§ **Data provided**:
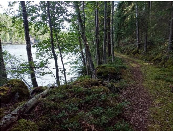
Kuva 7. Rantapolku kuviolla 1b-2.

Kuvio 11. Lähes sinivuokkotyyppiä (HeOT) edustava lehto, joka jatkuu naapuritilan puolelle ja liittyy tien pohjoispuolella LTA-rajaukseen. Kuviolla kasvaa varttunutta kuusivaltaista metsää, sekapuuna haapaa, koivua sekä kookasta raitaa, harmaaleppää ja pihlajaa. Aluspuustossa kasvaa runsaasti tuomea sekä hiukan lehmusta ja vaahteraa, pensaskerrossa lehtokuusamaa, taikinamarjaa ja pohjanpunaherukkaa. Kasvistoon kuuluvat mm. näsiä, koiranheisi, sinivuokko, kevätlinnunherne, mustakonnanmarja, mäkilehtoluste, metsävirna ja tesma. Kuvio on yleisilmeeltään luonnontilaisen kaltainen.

==

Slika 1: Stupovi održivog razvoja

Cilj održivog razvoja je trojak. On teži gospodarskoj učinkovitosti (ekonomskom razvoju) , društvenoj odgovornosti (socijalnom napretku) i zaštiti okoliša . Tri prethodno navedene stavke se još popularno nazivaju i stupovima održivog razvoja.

...

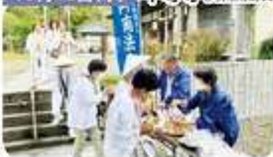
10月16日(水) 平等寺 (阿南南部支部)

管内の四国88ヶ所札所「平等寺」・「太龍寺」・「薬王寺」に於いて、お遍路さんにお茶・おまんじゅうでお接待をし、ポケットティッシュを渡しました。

§ **Work request**:
Reproduce verbatim the lines above, from the line with "Kuva 7. Rantapolku kuviolla 1b-2." through the line with "Kuvio 11. Lähes".

§ **Solution to this task**:
Kuva 7. Rantapolku kuviolla 1b-2.

Kuvio 11. Lähes sinivuokkotyyppiä (HeOT) edustava lehto, joka jatkuu naapuritilan puolelle ja liittyy tien pohjoispuolella LTA-rajaukseen. Kuviolla kasvaa varttunutta kuusivaltaista metsää, sekapuuna haapaa, koivua sekä kookasta raitaa, harmaaleppää ja pihlajaa. Aluspuustossa kasvaa runsaasti tuomea sekä hiukan lehmusta ja vaahteraa, pensaskerrossa lehtokuusamaa, taikinamarjaa ja pohjanpunaherukkaa. Kasvistoon kuuluvat mm. näsiä, koiranheisi, sinivuokko, kevätlinnunherne, mustakonnanmarja, mäkilehtoluste, metsävirna ja tesma. Kuvio on yleisilmeeltään luonnontilaisen kaltainen.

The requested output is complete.